## ACTION ITEM
Quote all of the data below exactly, please.

[Stored dataset items]
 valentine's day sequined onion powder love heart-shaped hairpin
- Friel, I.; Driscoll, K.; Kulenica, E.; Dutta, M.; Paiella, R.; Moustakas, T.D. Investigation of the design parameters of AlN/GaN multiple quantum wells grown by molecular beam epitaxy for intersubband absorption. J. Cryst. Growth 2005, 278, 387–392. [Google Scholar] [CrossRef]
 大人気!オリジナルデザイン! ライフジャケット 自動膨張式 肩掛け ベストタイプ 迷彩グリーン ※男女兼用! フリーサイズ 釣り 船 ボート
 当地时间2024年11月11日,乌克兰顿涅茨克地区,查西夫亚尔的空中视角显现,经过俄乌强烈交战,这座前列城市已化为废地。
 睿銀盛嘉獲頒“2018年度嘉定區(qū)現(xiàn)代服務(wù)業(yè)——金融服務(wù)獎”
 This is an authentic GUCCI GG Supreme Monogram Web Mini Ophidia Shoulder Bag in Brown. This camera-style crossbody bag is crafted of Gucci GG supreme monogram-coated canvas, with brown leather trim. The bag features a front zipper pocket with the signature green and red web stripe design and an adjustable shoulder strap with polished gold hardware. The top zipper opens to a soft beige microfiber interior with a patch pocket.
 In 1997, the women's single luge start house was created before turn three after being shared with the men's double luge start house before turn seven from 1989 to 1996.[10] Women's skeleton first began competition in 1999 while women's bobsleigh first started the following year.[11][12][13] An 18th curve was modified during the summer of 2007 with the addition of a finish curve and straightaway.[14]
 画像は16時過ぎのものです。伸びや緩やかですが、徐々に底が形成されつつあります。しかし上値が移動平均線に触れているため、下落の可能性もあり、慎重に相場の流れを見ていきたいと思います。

## WRITTEN SOLUTION
 valentine's day sequined onion powder love heart-shaped hairpin
- Friel, I.; Driscoll, K.; Kulenica, E.; Dutta, M.; Paiella, R.; Moustakas, T.D. Investigation of the design parameters of AlN/GaN multiple quantum wells grown by molecular beam epitaxy for intersubband absorption. J. Cryst. Growth 2005, 278, 387–392. [Google Scholar] [CrossRef]
 大人気!オリジナルデザイン! ライフジャケット 自動膨張式 肩掛け ベストタイプ 迷彩グリーン ※男女兼用! フリーサイズ 釣り 船 ボート
 当地时间2024年11月11日,乌克兰顿涅茨克地区,查西夫亚尔的空中视角显现,经过俄乌强烈交战,这座前列城市已化为废地。
 睿銀盛嘉獲頒“2018年度嘉定區(qū)現(xiàn)代服務(wù)業(yè)——金融服務(wù)獎”
 This is an authentic GUCCI GG Supreme Monogram Web Mini Ophidia Shoulder Bag in Brown. This camera-style crossbody bag is crafted of Gucci GG supreme monogram-coated canvas, with brown leather trim. The bag features a front zipper pocket with the signature green and red web stripe design and an adjustable shoulder strap with polished gold hardware. The top zipper opens to a soft beige microfiber interior with a patch pocket.
 In 1997, the women's single luge start house was created before turn three after being shared with the men's double luge start house before turn seven from 1989 to 1996.[10] Women's skeleton first began competition in 1999 while women's bobsleigh first started the following year.[11][12][13] An 18th curve was modified during the summer of 2007 with the addition of a finish curve and straightaway.[14]
 画像は16時過ぎのものです。伸びや緩やかですが、徐々に底が形成されつつあります。しかし上値が移動平均線に触れているため、下落の可能性もあり、慎重に相場の流れを見ていきたいと思います。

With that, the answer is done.